Polymeric PGNs from Gram-positive and Gram-negative bacteria or a mixture of oligomeric muropeptides derived thereof act as PAMPs in the model plant Arabidopsis thaliana (18, 19). Our previous experiments suggested that the carbohydrate backbone of PGN is important for its immunogenic activity and that PGN is recognized in a receptor-mediated manner in Arabidopsis (19). Plant lysin-motif (LysM) domain proteins have been widely implicated in the recognition of GlcNAc-containing glycans. In legumes, establishment of symbiosis with soil-borne rhizobacteria requires LysM domain receptor proteins mediating the recognition of bacterial lipochitooligosaccharide nodulation (Nod) factors (20, 21). Likewise, recognition of the fungal PAMP chitin (an unbranched 1,4-linked GlcNAc homopolymer) and immune stimulation in Oryza sativa or Arabidopsis are dependent on LysM-type PRRs OsCEBiP/OsCERK1 or AtCERK1, respectively (22–25). Importantly, previous studies further suggested that Arabidopsis employs different perception systems for bacterial PGN and fungal chitin (19), despite the fact that the latter is structurally closely related to the carbohydrate moiety of bacterial PGN. Here we report the identification of a tripartite PGN recognition system in the plasma membrane of Arabidopsis with shared functions in PGN sensing and transmembrane signaling. This system comprises two LysM domain proteins implicated in PGN ligand binding (LYM1, LYM3) and a transmembrane LysM receptor kinase (CERK1) that is likely required for conveying the extracellular signal across the plasma membrane and for initiating intracellular signal transduction. Importantly, all three proteins were shown to be indispensable for PGN sensitivity and immunity to bacterial infection.
Results
LysM Domain Proteins LYM1 and LYM3 Bind PGN, Mediate Plant Sensitivity to PGN, and Contribute to Immunity to Bacterial Infection.
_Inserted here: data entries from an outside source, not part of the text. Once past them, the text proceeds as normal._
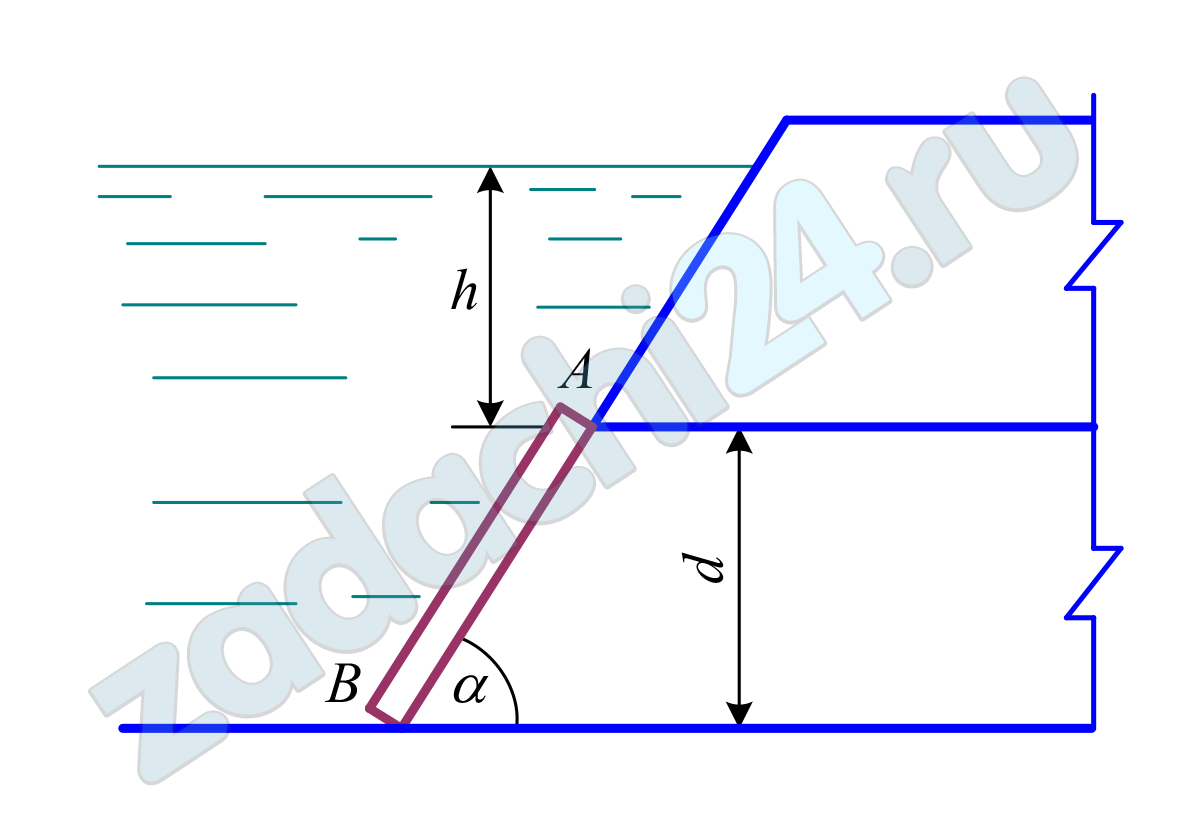 3.377 Определить силу давления Р на затвор АВ, найти центр давления, построить эпюру давления, если: АВ = 1,2 м, α = 60º, ρв = 1000 кг/м³.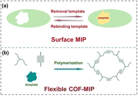 MIPs have gained significant attention as a class of promising enrichment materials for mycotoxin purification. In molecular imprinting, functional monomers and cross-linkers are polymerized around a template molecule, followed by template removal which leaves three-dimensional recognition cavities whose size, shape, and functional group orientation are complementary to the target analyte [,]. These selective binding sites endow MIPs with high affinity and specificity for particular mycotoxins in complex matrices. However, compared to COFs, MOFs, and conventional adsorbents, MIPs suffer from several intrinsic limitations including restricted accessibility of active sites and slow mass transfer, which hinder their implementation in food systems []. Consequently, current research focuses on strategies such as surface imprinting and sacrificial support techniques to bring recognition sites to the exterior, increase porosity, and accelerate diffusion [].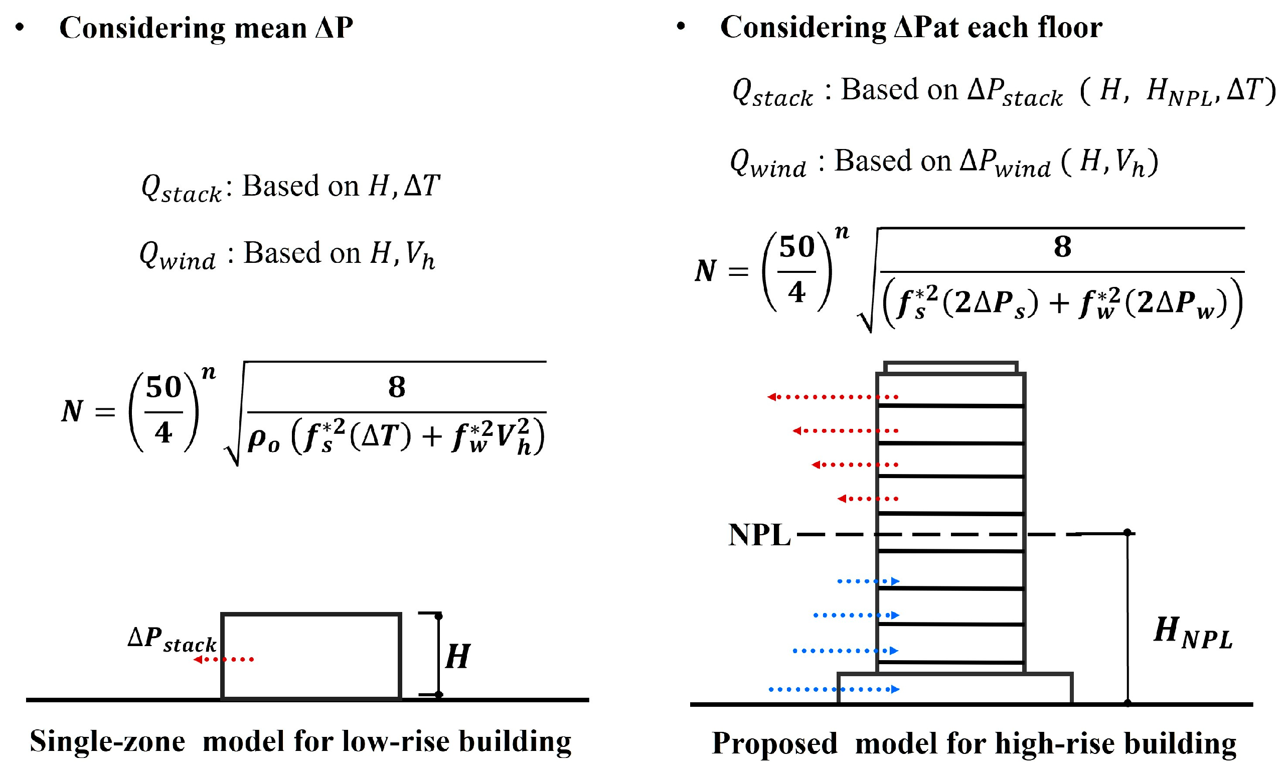 Figure 1 illustrates this conceptual distinction by comparing the traditional single-zone assumption with the proposed multi-floor framework. The figure highlights how the pressure distribution along the building height, including the neutral pressure level (NPL) and its vertical gradient, leads to different infiltration patterns at each floor.

Infiltration into leaves of different PGN preparations results in the production of reactive oxygen intermediates and substantial reprogramming of the plant transcriptome, including enhanced expression of immune marker genes (18, 19). For example, flagellin-induced receptor kinase FRK1 gene expression is significantly enhanced upon treatment with PGNs from Gram-negative Xanthomonas campestris pv. campestris (Xcc) and Pseudomonas syringae pv. tomato (Pto) or from Gram-positive Bacillus subtilis (Bs) and Staphylococcus aureus (Sa) (Fig. 1A). As all PGNs tested were active triggers of FRK1 expression, the A. thaliana PGN perception system does not appear to discriminate between Lys-type (produced by Sa) or DAP-type PGNs (produced by Xcc, Pto, Bs). Notably, treatment with lysozyme, a muramidase that hydrolyzes O-glycosidic bonds between MurNAc and GlcNAc moieties within complex PGNs, strongly reduced the ability of Xcc PGN to trigger immune marker gene expression (SI Appendix, Fig. 1), suggesting that elicitor activities within the PGN preparations used were not due to contaminating bacterial cell wall components.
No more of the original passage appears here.